Helpe, learned Pallas, helpe, ye Muses with your art,
Helpe, all ye damned feends to tell of joyes retournd to smart.
Help eke ye sisters three, my skillesse pen tindyte :
For you it causd which I (alas) unable am to wryte.
There were two auncient stockes, which Fortune high did place
Above the rest, indewd with welth, and nobler of their race,
Loved of the common sort, loved of the prince alike,
And like unhappy were they both, when Fortune list to strike.
Whose prayse with equal blast, Fame in her trumpet blew ;
The one was cliped Capelet, and thother Montagew.
A wonted use it is, that men of likely sorte, (
I wot not by what furye forsd) envye eche others porte
So these, whose egall state bred envye pale of hew,
And then of grudging envyes roote, blacke hate and rancor grewe.
As of a little sparke, oft ryseth mighty fyre,
So of a kvndled sparke of grudge, in flames flashe oute theyr yre :
And then theyr deadly foode, first hatchd of trifling stryfe,
Did bathe in bloud of smarting woundes ; it reved breth and lyfe.
The Brooke version tracks back to da Porto, being a loose translation of Matteo Bandello's 1554 version (based on da Porto's). Opinion is divided over whether Brooke got it direct from the Bandello version or the 1559 French translation by Pierre Boaistuau. To make things even more complicated, da Porto's Istoria novellamente ritrovata di due nobili amanti is itself derived from an earlier text by Masuccio Salernitano (1410-1480) whose Il Novellino No. XXXIII is a short story about a doomed pair of lovers in Siena. The Salernitano, da Porto, Bandello and Shakespeare texts are conveniently bundled together in Romeo and Juliet, compiled Adolph Caso, trans. Percy Pinkerton, Branden Books, 1992, ISBN 0937832324 (Google Books allows extensive preview). In all this, however, da Porto comes out as the chief innovator in bringing the plot into its Shakespearean form; da Porto moved the setting from Siena to Verona and introduced many recognisable characters: Romeo and Giulietta from the feuding families Montecchi and Capelletti, along with a Marcuccio, Thebaldo and Friar Lorenz.

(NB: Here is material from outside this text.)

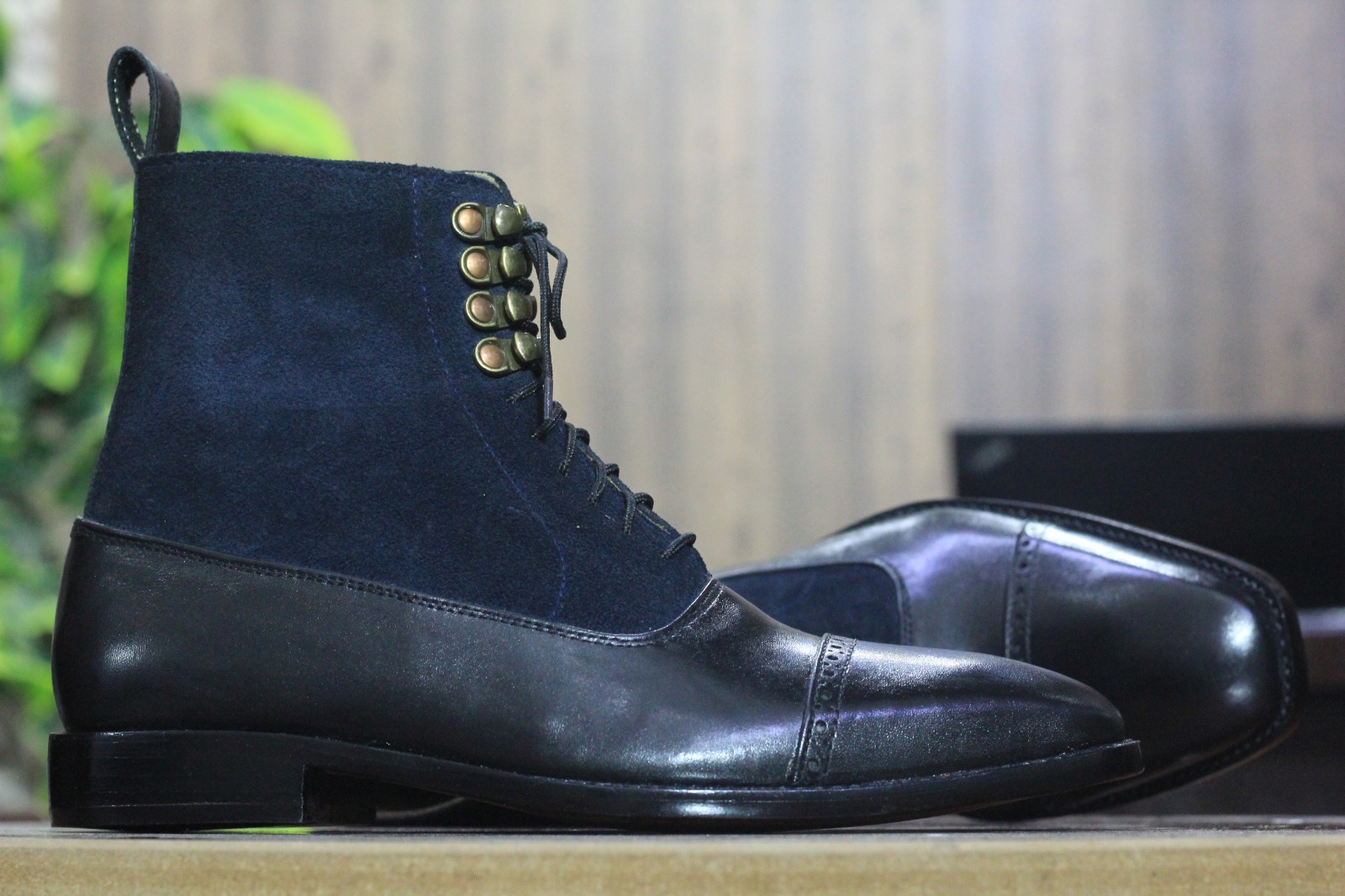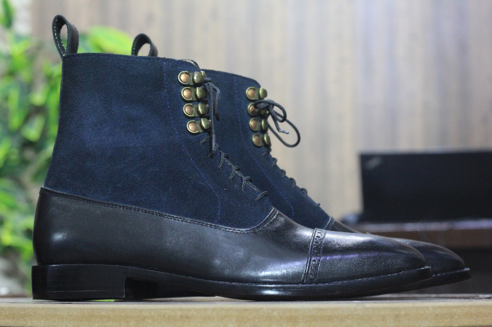 Ankle High Navy Blue Leather Suede Boot, Lace Up Boot For Men's

It'd be surprising if this were the end of the story. For instance, Nicholas A Patricca - see "Shakespeare in Love"—The Supressed Italian Connection - argues convincingly that Shakespeare didn't necessarily work from Brooke and could have had access to Italian sources. Patricca mentions that the Elizabethan court had strong links with the Italian Renaissance arts/literary circuit, and that Shakespeare had particular connections with John Florio and the Bassano family. Other relevant names as possible sources include François de Belleforest (whose Histoires tragiques came from Bandello) and William Painter (whose 1566/75 The Palace of Pleasure includes Romeo and Juliet.

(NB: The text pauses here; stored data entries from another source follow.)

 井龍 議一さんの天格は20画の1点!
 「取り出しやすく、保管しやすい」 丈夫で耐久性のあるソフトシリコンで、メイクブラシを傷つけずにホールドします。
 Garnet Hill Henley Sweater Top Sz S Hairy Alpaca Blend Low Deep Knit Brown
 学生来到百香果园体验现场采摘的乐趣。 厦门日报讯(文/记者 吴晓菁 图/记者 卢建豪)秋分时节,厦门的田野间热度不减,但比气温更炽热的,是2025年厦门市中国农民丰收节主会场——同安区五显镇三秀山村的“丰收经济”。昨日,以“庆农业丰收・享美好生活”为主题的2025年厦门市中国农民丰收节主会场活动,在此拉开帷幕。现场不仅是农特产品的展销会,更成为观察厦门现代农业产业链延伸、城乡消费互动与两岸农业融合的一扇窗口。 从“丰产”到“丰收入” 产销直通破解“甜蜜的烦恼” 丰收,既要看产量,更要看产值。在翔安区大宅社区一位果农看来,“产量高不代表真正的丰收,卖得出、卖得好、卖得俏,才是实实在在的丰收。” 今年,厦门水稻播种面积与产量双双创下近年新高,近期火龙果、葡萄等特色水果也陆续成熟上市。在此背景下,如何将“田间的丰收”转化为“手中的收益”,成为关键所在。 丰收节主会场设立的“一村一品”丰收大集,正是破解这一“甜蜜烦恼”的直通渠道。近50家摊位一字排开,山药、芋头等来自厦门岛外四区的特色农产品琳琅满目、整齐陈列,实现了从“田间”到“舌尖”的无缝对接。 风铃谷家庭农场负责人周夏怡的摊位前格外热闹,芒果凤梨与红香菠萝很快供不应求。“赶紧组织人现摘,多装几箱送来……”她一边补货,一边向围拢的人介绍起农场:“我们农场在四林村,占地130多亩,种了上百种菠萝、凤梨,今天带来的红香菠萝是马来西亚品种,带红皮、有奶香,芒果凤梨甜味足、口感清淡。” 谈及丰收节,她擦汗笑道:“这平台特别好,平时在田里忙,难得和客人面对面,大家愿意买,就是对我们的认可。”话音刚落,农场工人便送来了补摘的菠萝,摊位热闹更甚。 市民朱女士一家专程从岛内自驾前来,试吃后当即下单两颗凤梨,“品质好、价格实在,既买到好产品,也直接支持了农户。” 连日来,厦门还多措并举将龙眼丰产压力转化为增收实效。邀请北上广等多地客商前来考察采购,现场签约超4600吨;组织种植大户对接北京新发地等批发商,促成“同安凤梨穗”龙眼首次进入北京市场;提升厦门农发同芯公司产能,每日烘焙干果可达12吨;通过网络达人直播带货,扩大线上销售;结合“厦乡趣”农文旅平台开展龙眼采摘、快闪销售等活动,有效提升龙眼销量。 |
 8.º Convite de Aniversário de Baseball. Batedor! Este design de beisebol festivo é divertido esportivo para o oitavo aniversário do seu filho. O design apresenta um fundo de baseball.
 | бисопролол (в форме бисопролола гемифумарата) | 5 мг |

Understanding Romeo and Juliet: A Student Casebook to Issues, Sources, and Historical Documents (Alan Hager, Greenwood Publishing Group, 1999, ISBN 0313296162, 9780313296161) goes deeper still, summarising possible narrative backgrounds in even older parted-lover stories such as Ovid's Pyramus and Thisbe (which of course Shakespeare knew, and which has the motif of one lover's suicide on mistakenly thinking the other dead) and Xenophon's complicated story of the Ephesian lovers Anthea and Habrocomes (which has the motif of feigned-death-by-potion to avoid marriage to a Perilaos - "so close in sound to Paris"). In short, Shakespeare was swimming in a sea of influences.